Aim of the task
Return the lines of the data below starting at the one holding "Figan became vocal" and ending at the one holding "Säljer en klassisk", word for word, leaving every picture out.

Records supplied
^^^^^^^^^^^^^^^^

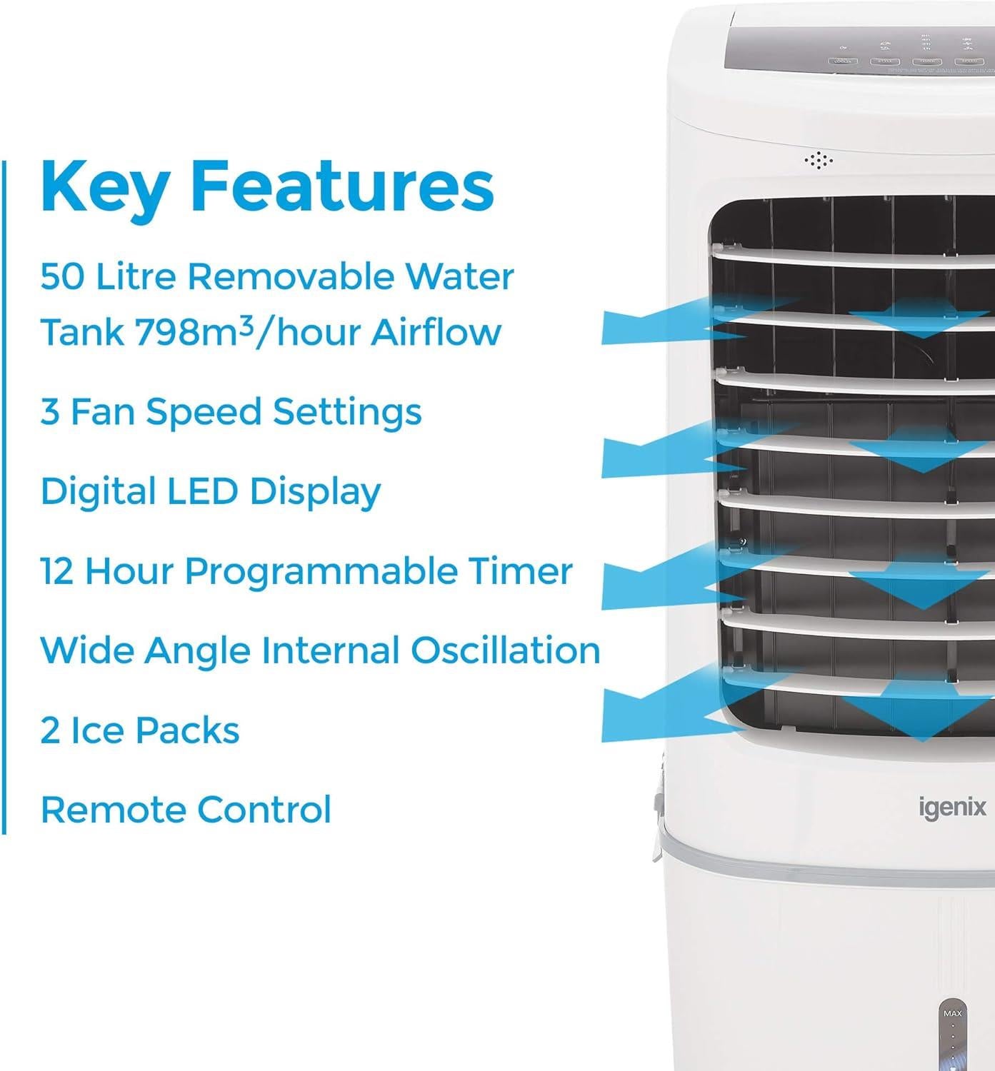 Evaporative Air Cooler with Timer 50 Litre Digital LED Display Igenix IG9750
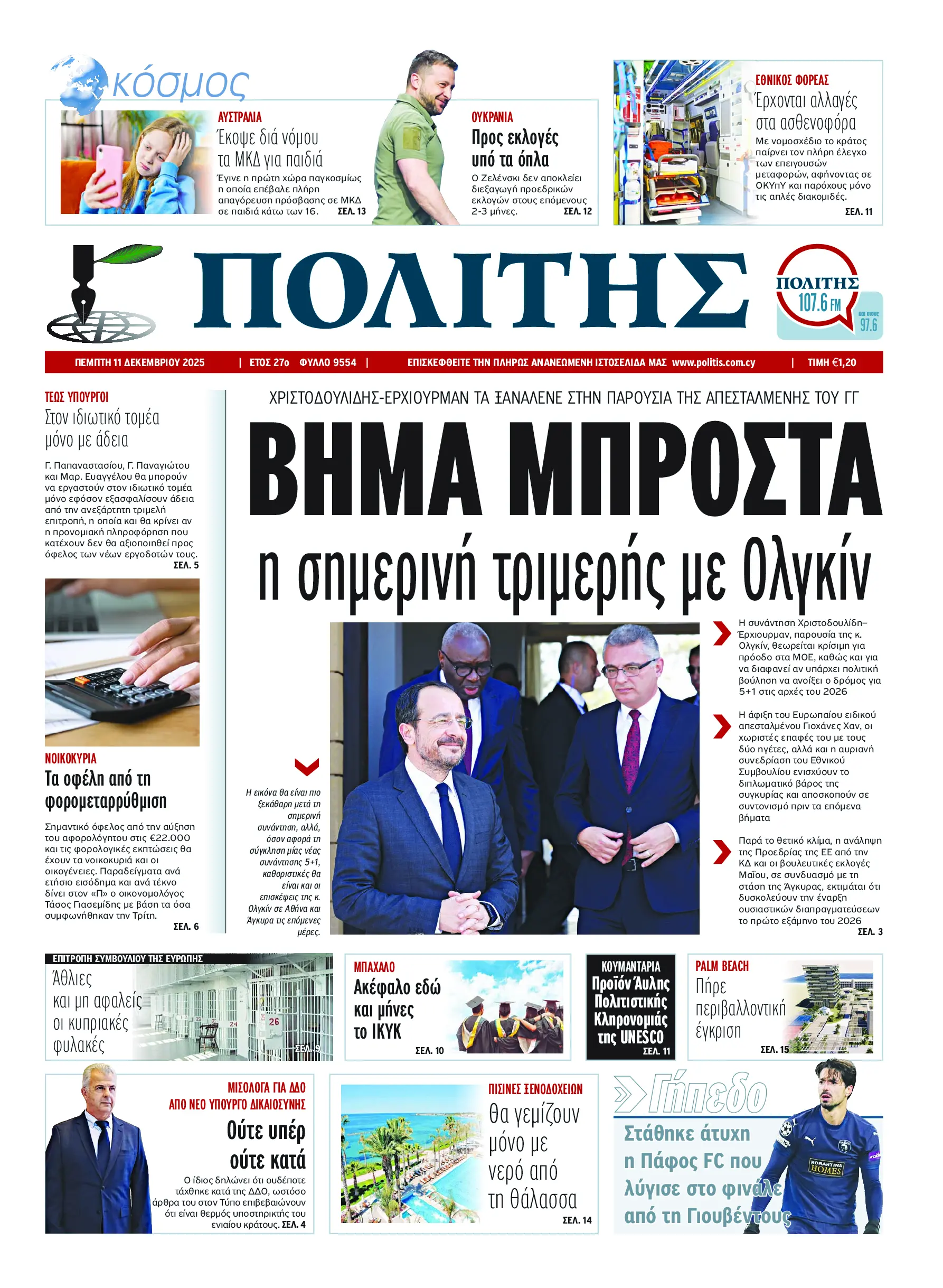 ΒΗΜΑ ΜΠΡΟΣΤΑ η σημερινή τριμερής με Ολγκίν
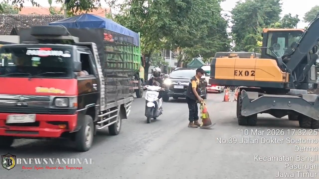 Bangil, BnewsNasional.id – Kemacetan panjang mewarnai pengerjaan proyek drainase di jalur utama yang menghubungkan kawasan industri dan pemukiman. Dari pantauan di lokasi, volume kendaraan yang tinggi, termasuk truk-truk besar bermuatan berat, terpaksa merayap di sisi galian yang tidak dibatasi dengan barikade pengaman standar, Selasa (10/03/2026).
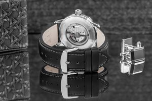 Jego elegancka, srebrna koperta idealnie komponuje się z głęboką czarno szarą tarczą, przyciągając spojrzenia subtelnymi refleksami światła oraz szczególną uwagę zwraca prześwit na tarczy, charakterystyczny dla stylu skeleton. Centralna część tarczy nie jest pełna – została ażurowo wycięta, dzięki czemu można obserwować pracę mechanizmu od frontu. Białe indeksy i wskazówki z biało srebrnymi akcentami dodają mu ponadczasowej klasy i zapewniają wyjątkową czytelność. Pasek wykonany z wysokiej jakości skóry w czarnym odcieniu, zszyty jasną nicią, co dodaje mu subtelnego charakteru vintage. Na pasku znajduje się tłoczone logo Zeppelin oraz napis, które podkreślają luksusowy i autentyczny charakter zegarka. Każdy element, od solidnej srebrnej sprzączki po stylową koronkę, został dopracowany, by stworzyć spójną i wyjątkową kompozycję.
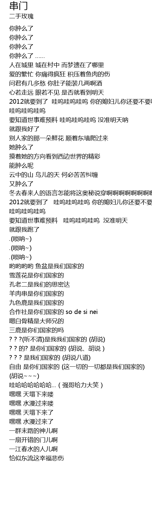 | [01:22] | 2012就要到了 哇呜哇呜哇呜 你的媳妇儿你还要不要呢 哇呜哇呜哇呜 |
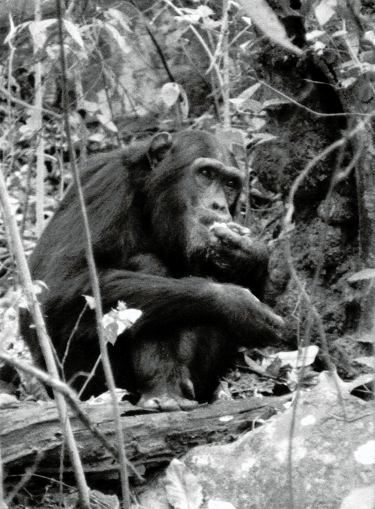 Figan became vocal and soon grunted at the following times: 1629, 1639, 1642, 1657, 1700, 1704, and 1706. Finally, she came after some branching by Figan also. Goblin and Patti, also hanging around, joined them. Gigi had eaten ants for about an hour, with two average stick fulls a minute: quite a haul and a meal. They met Nope and Mustard for a second time in the afternoon without incidence. Goblin and Mustard did not interact at all. They fed on kifumbe for 1 ½ hours before nesting nearby.
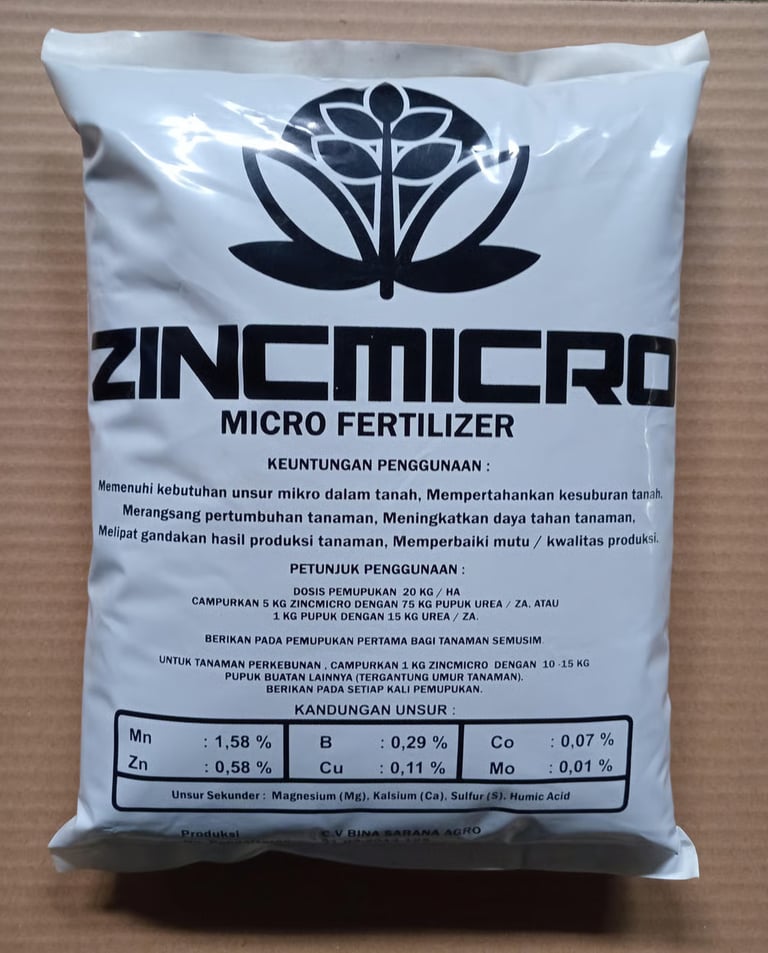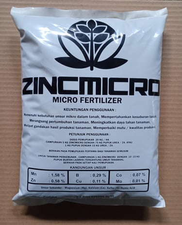 By addressing micronutrient deficiencies, Zincmicro strengthens root development and supports sustainable farming practices. It is available in convenient 1 kg and 5 kg packages, in a fine gray powder form that is easy to apply to the soil.
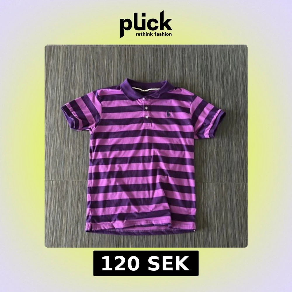 Säljer en klassisk pikétröja från Polo Ralph Lauren i lila och mörklila ränder. Tröjan har krage, knappar framtill och korta ärmar. Perfekt för en sportig och stilren look.
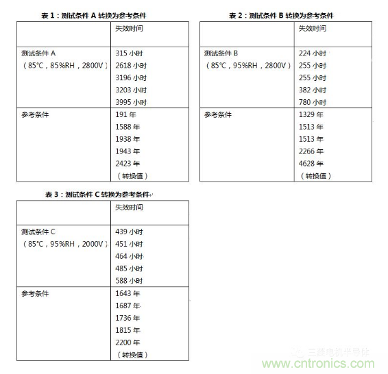 這裏,參考條件定義為RHu=75%,Tu=25℃和Vu=1500V。通過公式(1),可以得到測試條件A中的加速因子αf_A為5.31k,測試條件B中的加速因子αf_B為52.0k,測試條件C中的加速因子αf_B為32.8k。綜合這些加速因子,溫濕反偏試驗測試A、測試B和測試C轉換為如表1、表2和表3所示的參考條件。
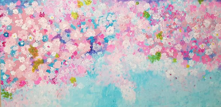 Acrylic on wood Work done with acrylic paint on table emphasizing the color of the flowers and enhancing the texture of the petals with brushstrokes and knifes

^^^^^^^^^^^^^^^^

Answer to this task
 Figan became vocal and soon grunted at the following times: 1629, 1639, 1642, 1657, 1700, 1704, and 1706. Finally, she came after some branching by Figan also. Goblin and Patti, also hanging around, joined them. Gigi had eaten ants for about an hour, with two average stick fulls a minute: quite a haul and a meal. They met Nope and Mustard for a second time in the afternoon without incidence. Goblin and Mustard did not interact at all. They fed on kifumbe for 1 ½ hours before nesting nearby.
 By addressing micronutrient deficiencies, Zincmicro strengthens root development and supports sustainable farming practices. It is available in convenient 1 kg and 5 kg packages, in a fine gray powder form that is easy to apply to the soil.
 Säljer en klassisk pikétröja från Polo Ralph Lauren i lila och mörklila ränder. Tröjan har krage, knappar framtill och korta ärmar. Perfekt för en sportig och stilren look.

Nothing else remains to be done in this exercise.